§ DATASET SECTION:
···

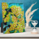 con el arte original de la pintura acuarela del artista australiano Sacha Grossel de un brillante árbol amarillo de Acacia, la flor dorada Wattle - el emblema floral oficial de Australia. Este vibrante árbol nativo florido produce una masa de flores aromáticas, onduladas y doradas en los colores nacionales verde y dorado de Australia. Para los amantes de la botánica y la gente que aprecia las flores nativas australianas.
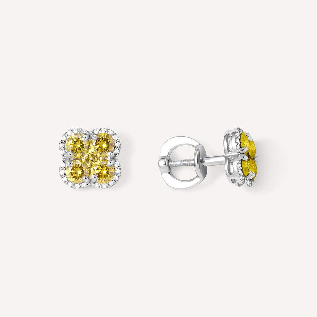 Серьги-пусеты из белого золота с желтыми бриллиантами "Клевер"
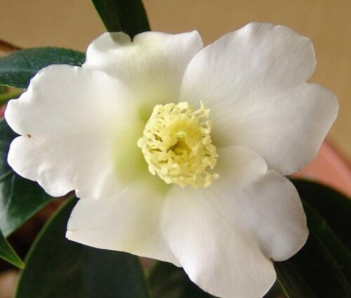 「花のほほえみ」より 白椿 数年前、挿し木をした「白椿」に、初 めて花が咲きました。
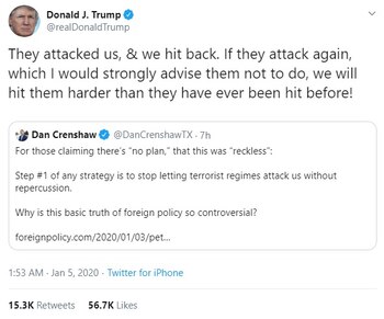 Asimismo, ha subrayado que Estados Unidos ha gastado dos billones de dólares en equipamiento militar. “¡Somos el más grande y el mejor del mundo! Si Irán ataca una base o a estadounidenses, usaremos algunos de nuestros nuevos y hermosos equipamiento militar contra ellos sin dudarlo”, escribió en Twitter.

···

Produce a verbatim transcription of every line in the listing, images omitted.

§ RESPONSE:
 con el arte original de la pintura acuarela del artista australiano Sacha Grossel de un brillante árbol amarillo de Acacia, la flor dorada Wattle - el emblema floral oficial de Australia. Este vibrante árbol nativo florido produce una masa de flores aromáticas, onduladas y doradas en los colores nacionales verde y dorado de Australia. Para los amantes de la botánica y la gente que aprecia las flores nativas australianas.
 Серьги-пусеты из белого золота с желтыми бриллиантами "Клевер"
 「花のほほえみ」より 白椿 数年前、挿し木をした「白椿」に、初 めて花が咲きました。
 Asimismo, ha subrayado que Estados Unidos ha gastado dos billones de dólares en equipamiento militar. “¡Somos el más grande y el mejor del mundo! Si Irán ataca una base o a estadounidenses, usaremos algunos de nuestros nuevos y hermosos equipamiento militar contra ellos sin dudarlo”, escribió en Twitter.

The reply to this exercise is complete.